** Task instructions **
Restate all the data word for word and omit the pictures.

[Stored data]
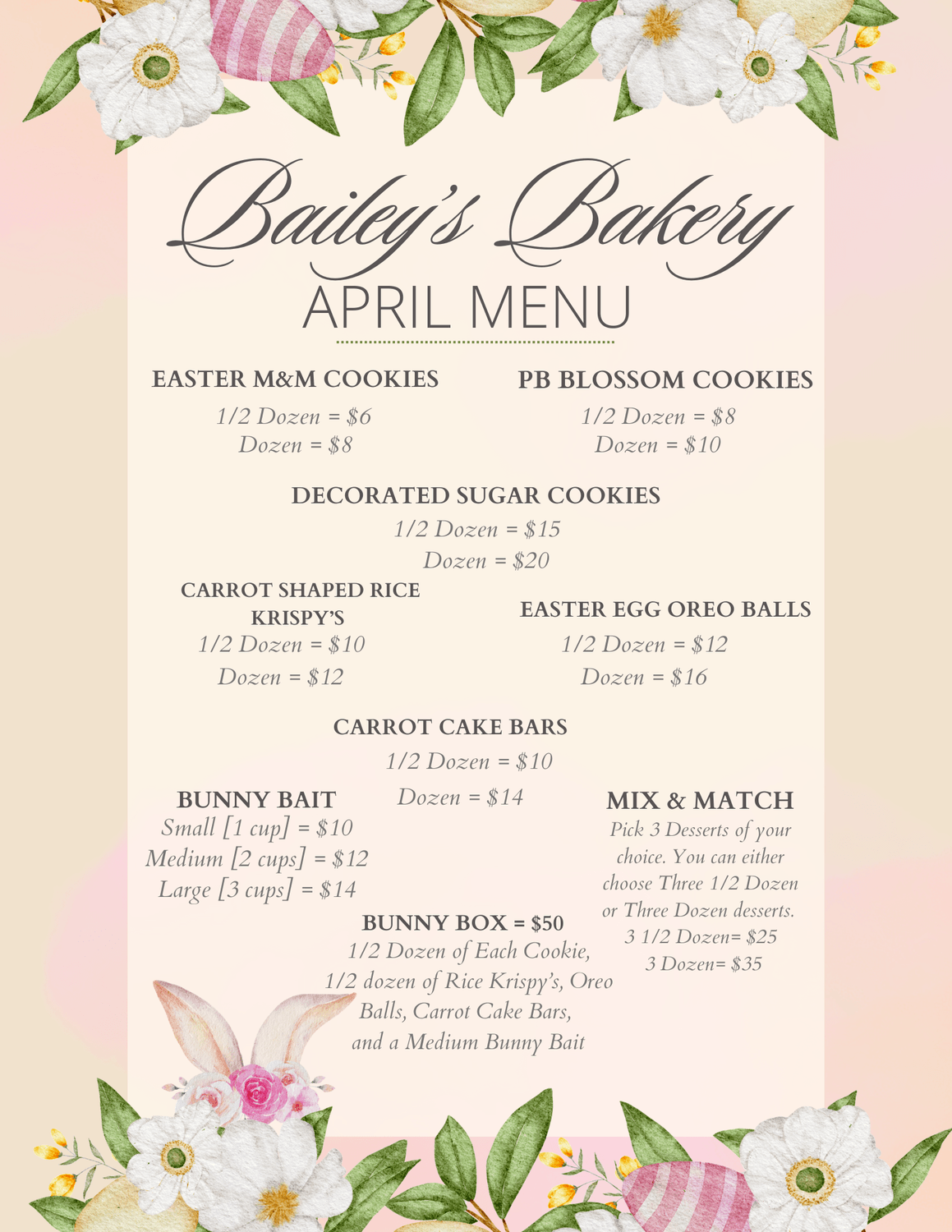 My April menu is officially here and it’s filled with all things Easter! From festive, pastel-inspired treats to sweet springtime favorites, everything is made fresh and perfect for celebrating the season. Whether you’re planning for Easter gatherings or just want something fun and delicious, there’s a little something for everyone to enjoy. 🐰🌸🧁 Click the button below to see a full description of each dessert on the menu and get your orders in before they’re gone! 🐣✝️
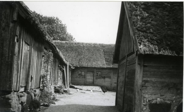 Klädegård, Källstorp 1:3, "Johns i Tjädre". Kringbyggd bondgård, med halmtak, små fönster och väggar i skiftesverk. Byggnaderna revs på 1950-talet.
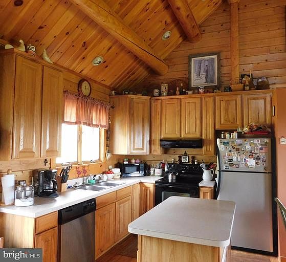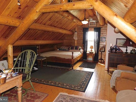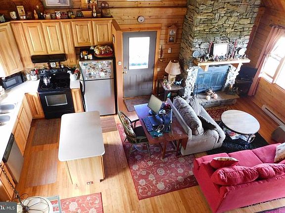 Come view this log home with beautiful view from the front covered porch! Home offers open living room, dining and kitchen, with upstairs loft bedroom, oversized master bedroom on main level, (was to be 2 brms owners made one). Finished basement- rec room with wood stove, bedroom & bath that can be closed off from rec. Sliding door from basement led to patio with fire pit. Come view today!
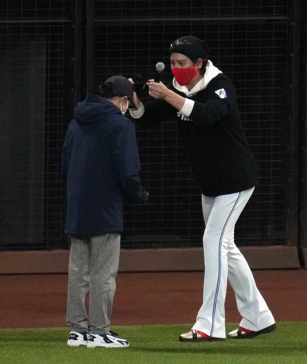 日本ハムの新庄監督が予告通り、練習後にファンサービスを行った。抽選で選ばれた20人がマウンドから球を投げ、本塁に立てられたバットに当てる企画に挑戦。成功した女性ファンに新庄監督が着用した帽子やユニホームなどが贈られた。
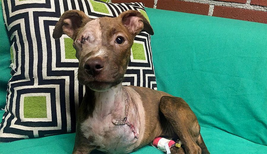 Al final, a Kayla le fueron extirpados el resto de su ojo derecho y su pata delantera izquierda. Ahora está curada, y a pesar del terrible abuso que ha sufrido, le encanta dar besos y que le froten su vientre. Kayla es la definición de que nunca hay darse por vencido.
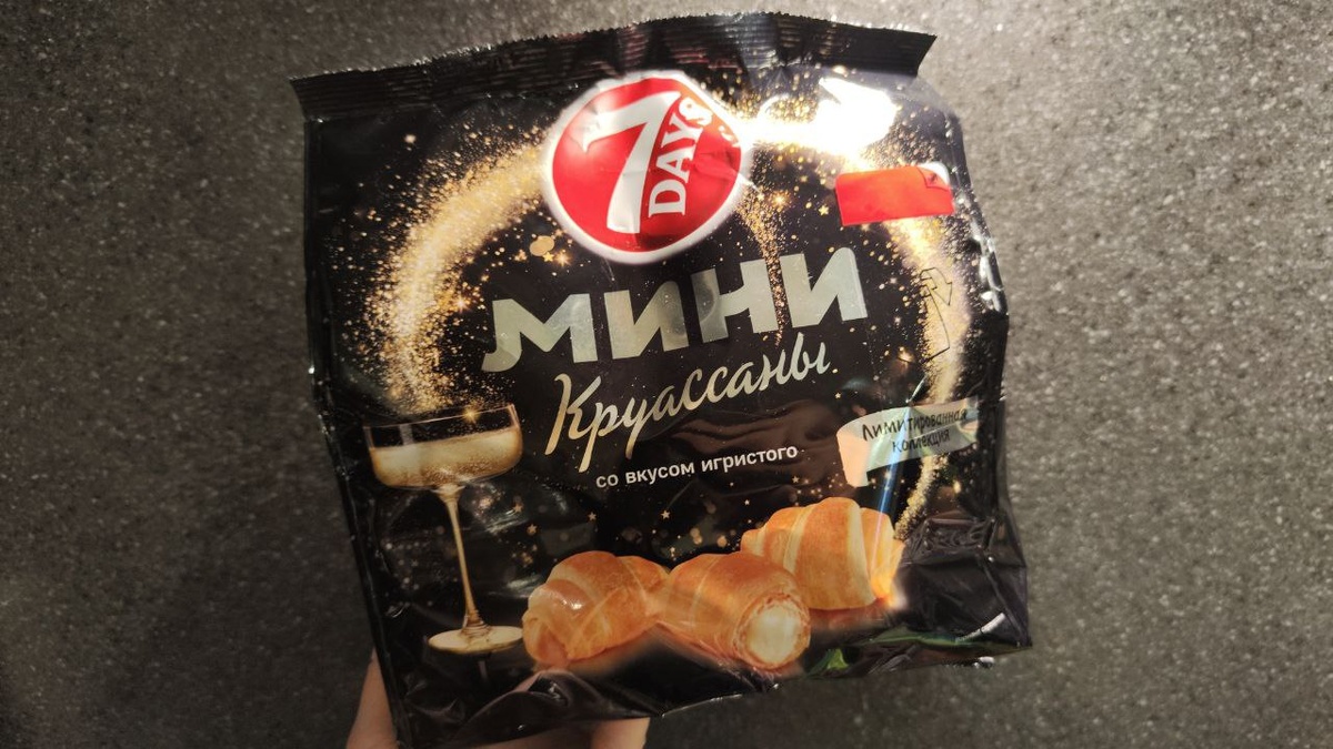😘😘😁😘😁😘😁😘 для новогоднего настроения 😀😄 Ох уж этот вкус игристого добрался и до круассан😁 Игристое в аромате не читается, пахнет просто вкусными круассанчиками. Сами рогалики мягкие, воздушные, но нужно помнить - засыхают быстро. Крем как будто сливочный с привкусом сгущенки. На послевкусие есть кислинка, видимо имитирующая игристое. Как раз послевкусие мне и не понравилось (я просто не люблю алкоголь, чем передана эта кислинка - не знаю, в составе есть спирт этиловый, но его часто используют для придания нужной консистенции и текстуры). Это первая вкусняшка, где вроде как на послевкусии есть нотки игристого, в отличии от шоколадки и чипсиков. Я же остаюсь фанатом обычных 7day's со сливочным кремом🥰 #НГсладость #десерт #обзореды #вкусняшка #сладкоежка #фудблог #фудобзор #россия
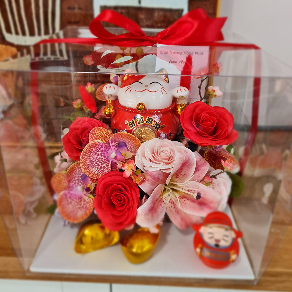 Mix Color Of preserved flowers and lucky cat (Maneki Neko)
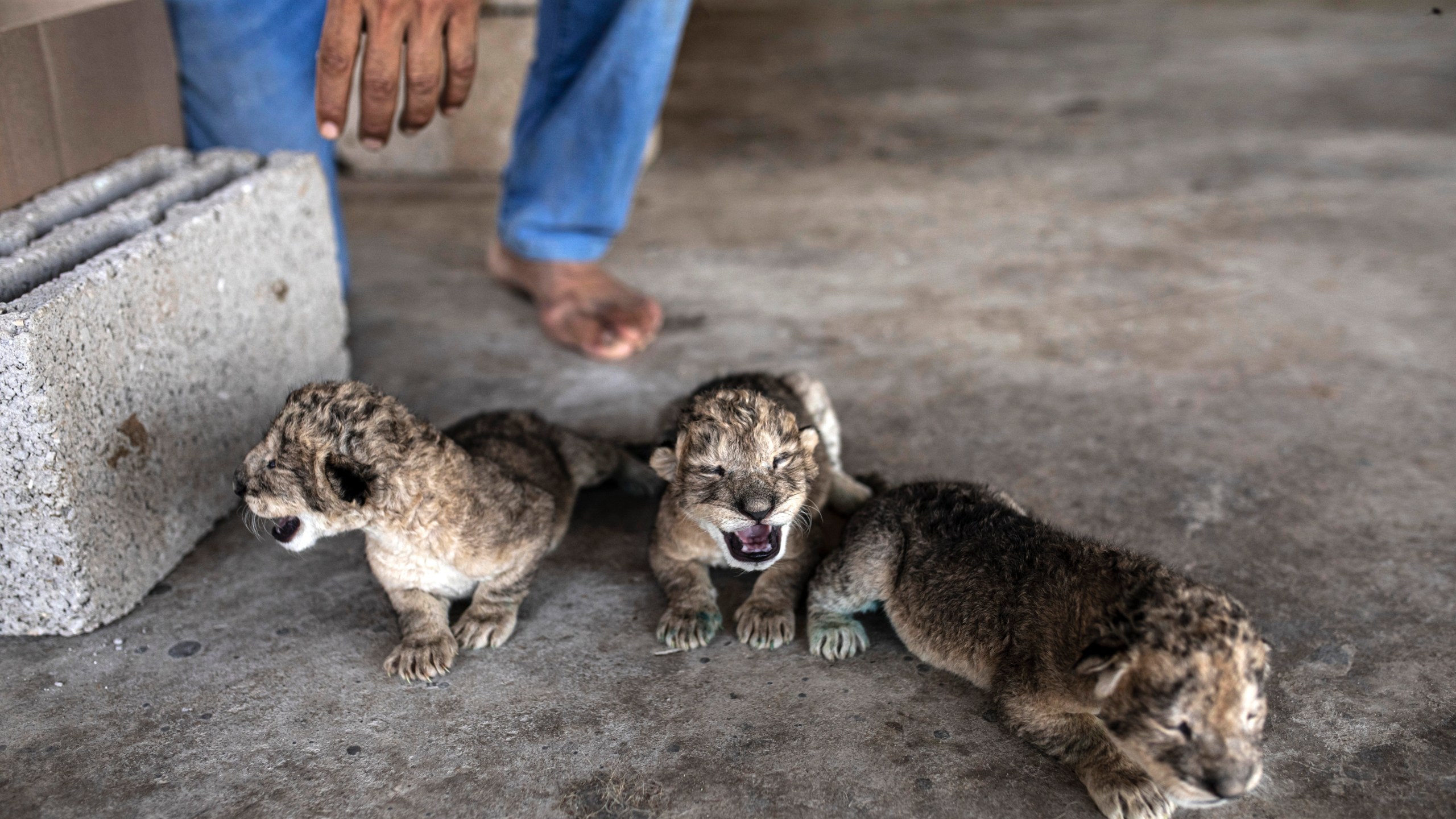 Veterinarian Mahmoud al-Sultan said each cub weighed about 700 grams. He said he felt lucky the birth was successful despite the deafening sound of constant explosions during three days of fighting. The cubs’ mother had suffered miscarriages in the past, said al-Sultan.
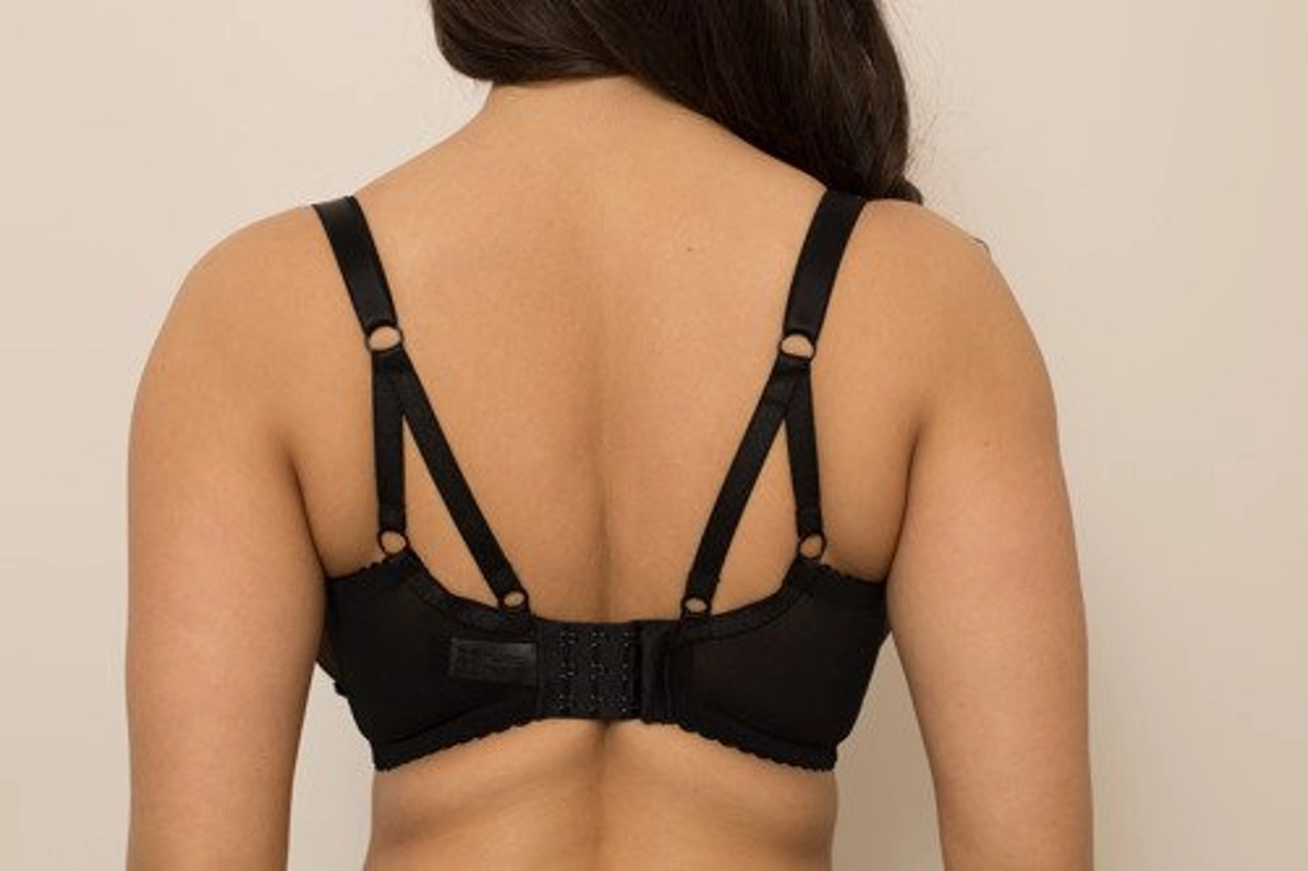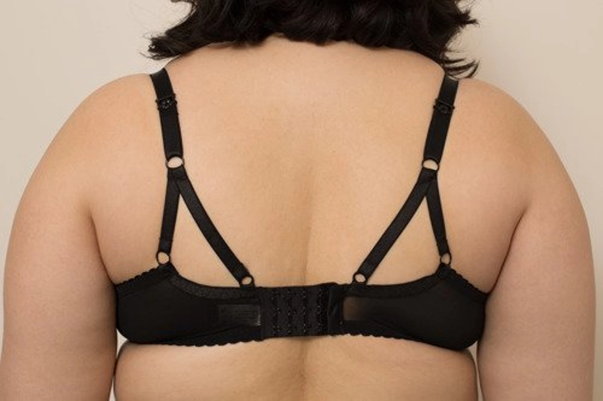 The bra gathers the bust in a way it does not stand out of the contour of the body.

** Result of the exercise **
 My April menu is officially here and it’s filled with all things Easter! From festive, pastel-inspired treats to sweet springtime favorites, everything is made fresh and perfect for celebrating the season. Whether you’re planning for Easter gatherings or just want something fun and delicious, there’s a little something for everyone to enjoy. 🐰🌸🧁 Click the button below to see a full description of each dessert on the menu and get your orders in before they’re gone! 🐣✝️
 Klädegård, Källstorp 1:3, "Johns i Tjädre". Kringbyggd bondgård, med halmtak, små fönster och väggar i skiftesverk. Byggnaderna revs på 1950-talet.
 Come view this log home with beautiful view from the front covered porch! Home offers open living room, dining and kitchen, with upstairs loft bedroom, oversized master bedroom on main level, (was to be 2 brms owners made one). Finished basement- rec room with wood stove, bedroom & bath that can be closed off from rec. Sliding door from basement led to patio with fire pit. Come view today!
 日本ハムの新庄監督が予告通り、練習後にファンサービスを行った。抽選で選ばれた20人がマウンドから球を投げ、本塁に立てられたバットに当てる企画に挑戦。成功した女性ファンに新庄監督が着用した帽子やユニホームなどが贈られた。
 Al final, a Kayla le fueron extirpados el resto de su ojo derecho y su pata delantera izquierda. Ahora está curada, y a pesar del terrible abuso que ha sufrido, le encanta dar besos y que le froten su vientre. Kayla es la definición de que nunca hay darse por vencido.
😘😘😁😘😁😘😁😘 для новогоднего настроения 😀😄 Ох уж этот вкус игристого добрался и до круассан😁 Игристое в аромате не читается, пахнет просто вкусными круассанчиками. Сами рогалики мягкие, воздушные, но нужно помнить - засыхают быстро. Крем как будто сливочный с привкусом сгущенки. На послевкусие есть кислинка, видимо имитирующая игристое. Как раз послевкусие мне и не понравилось (я просто не люблю алкоголь, чем передана эта кислинка - не знаю, в составе есть спирт этиловый, но его часто используют для придания нужной консистенции и текстуры). Это первая вкусняшка, где вроде как на послевкусии есть нотки игристого, в отличии от шоколадки и чипсиков. Я же остаюсь фанатом обычных 7day's со сливочным кремом🥰 #НГсладость #десерт #обзореды #вкусняшка #сладкоежка #фудблог #фудобзор #россия
 Mix Color Of preserved flowers and lucky cat (Maneki Neko)
 Veterinarian Mahmoud al-Sultan said each cub weighed about 700 grams. He said he felt lucky the birth was successful despite the deafening sound of constant explosions during three days of fighting. The cubs’ mother had suffered miscarriages in the past, said al-Sultan.
 The bra gathers the bust in a way it does not stand out of the contour of the body.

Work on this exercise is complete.